_PROMPT:_ Your task is to restate the listing word for word without the pictures.

_INFORMATION SUPPLIED:_
"""

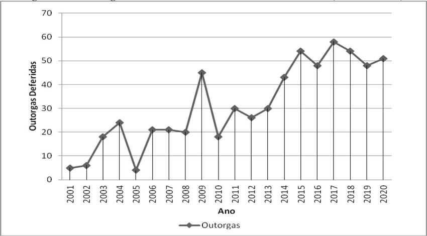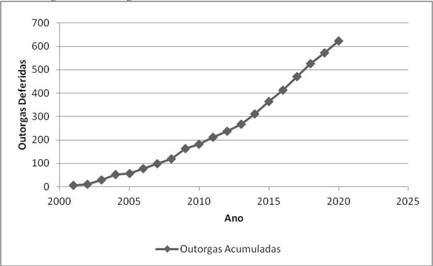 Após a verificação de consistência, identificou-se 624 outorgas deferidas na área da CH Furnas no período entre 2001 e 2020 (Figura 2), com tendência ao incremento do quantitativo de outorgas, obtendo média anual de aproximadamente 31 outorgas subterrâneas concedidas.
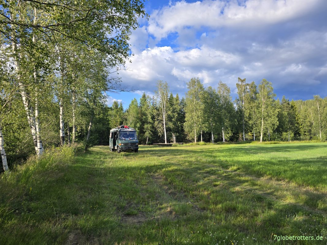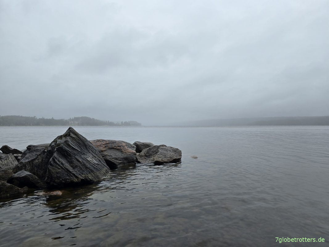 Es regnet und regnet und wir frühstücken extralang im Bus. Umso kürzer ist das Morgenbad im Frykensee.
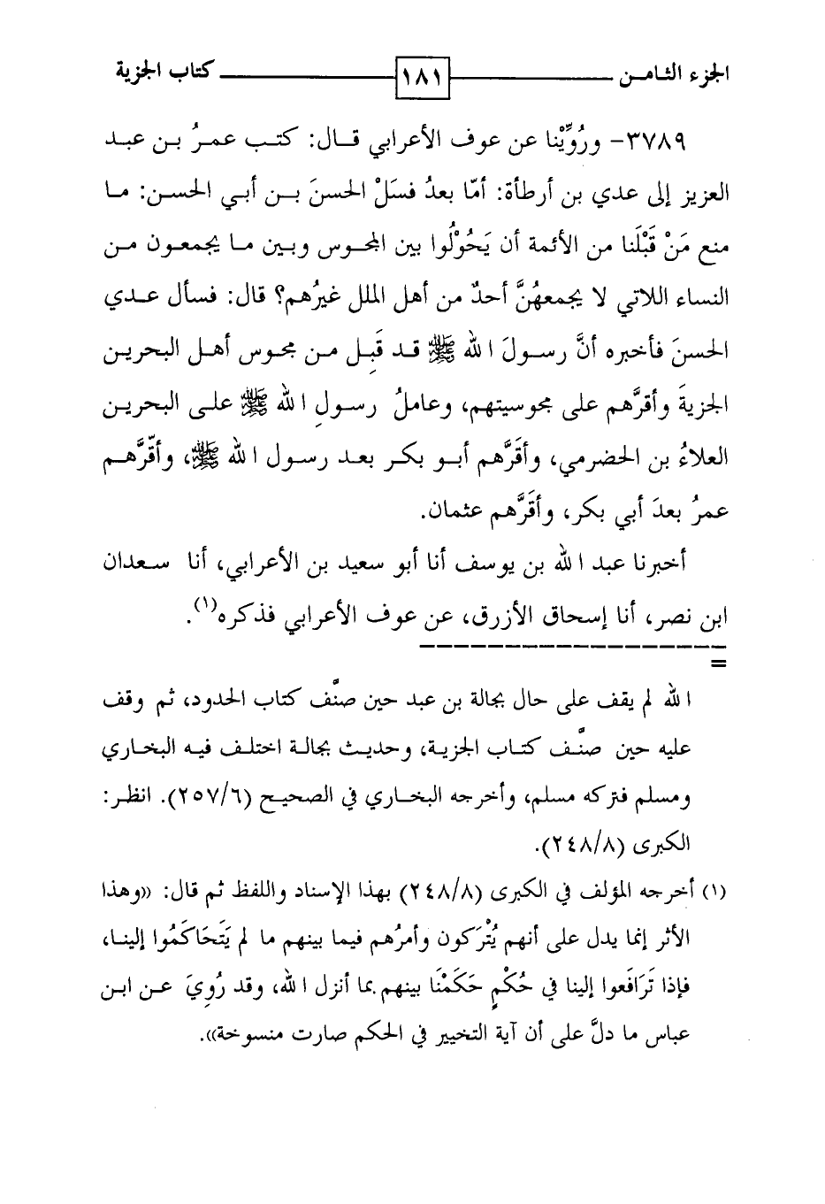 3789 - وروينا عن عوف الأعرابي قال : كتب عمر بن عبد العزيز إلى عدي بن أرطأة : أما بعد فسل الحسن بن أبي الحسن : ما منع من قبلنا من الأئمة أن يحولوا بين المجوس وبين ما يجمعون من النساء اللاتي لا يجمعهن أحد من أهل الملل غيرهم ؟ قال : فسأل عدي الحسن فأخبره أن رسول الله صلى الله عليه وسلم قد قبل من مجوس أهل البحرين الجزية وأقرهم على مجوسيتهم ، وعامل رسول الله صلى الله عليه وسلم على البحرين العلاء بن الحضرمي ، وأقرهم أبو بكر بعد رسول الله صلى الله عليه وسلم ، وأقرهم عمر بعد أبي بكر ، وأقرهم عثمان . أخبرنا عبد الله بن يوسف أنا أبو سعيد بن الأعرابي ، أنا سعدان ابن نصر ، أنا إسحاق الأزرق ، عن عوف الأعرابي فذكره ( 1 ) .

"""

_SOLVED EXERCISE:_
 Após a verificação de consistência, identificou-se 624 outorgas deferidas na área da CH Furnas no período entre 2001 e 2020 (Figura 2), com tendência ao incremento do quantitativo de outorgas, obtendo média anual de aproximadamente 31 outorgas subterrâneas concedidas.
 Es regnet und regnet und wir frühstücken extralang im Bus. Umso kürzer ist das Morgenbad im Frykensee.
 3789 - وروينا عن عوف الأعرابي قال : كتب عمر بن عبد العزيز إلى عدي بن أرطأة : أما بعد فسل الحسن بن أبي الحسن : ما منع من قبلنا من الأئمة أن يحولوا بين المجوس وبين ما يجمعون من النساء اللاتي لا يجمعهن أحد من أهل الملل غيرهم ؟ قال : فسأل عدي الحسن فأخبره أن رسول الله صلى الله عليه وسلم قد قبل من مجوس أهل البحرين الجزية وأقرهم على مجوسيتهم ، وعامل رسول الله صلى الله عليه وسلم على البحرين العلاء بن الحضرمي ، وأقرهم أبو بكر بعد رسول الله صلى الله عليه وسلم ، وأقرهم عمر بعد أبي بكر ، وأقرهم عثمان . أخبرنا عبد الله بن يوسف أنا أبو سعيد بن الأعرابي ، أنا سعدان ابن نصر ، أنا إسحاق الأزرق ، عن عوف الأعرابي فذكره ( 1 ) .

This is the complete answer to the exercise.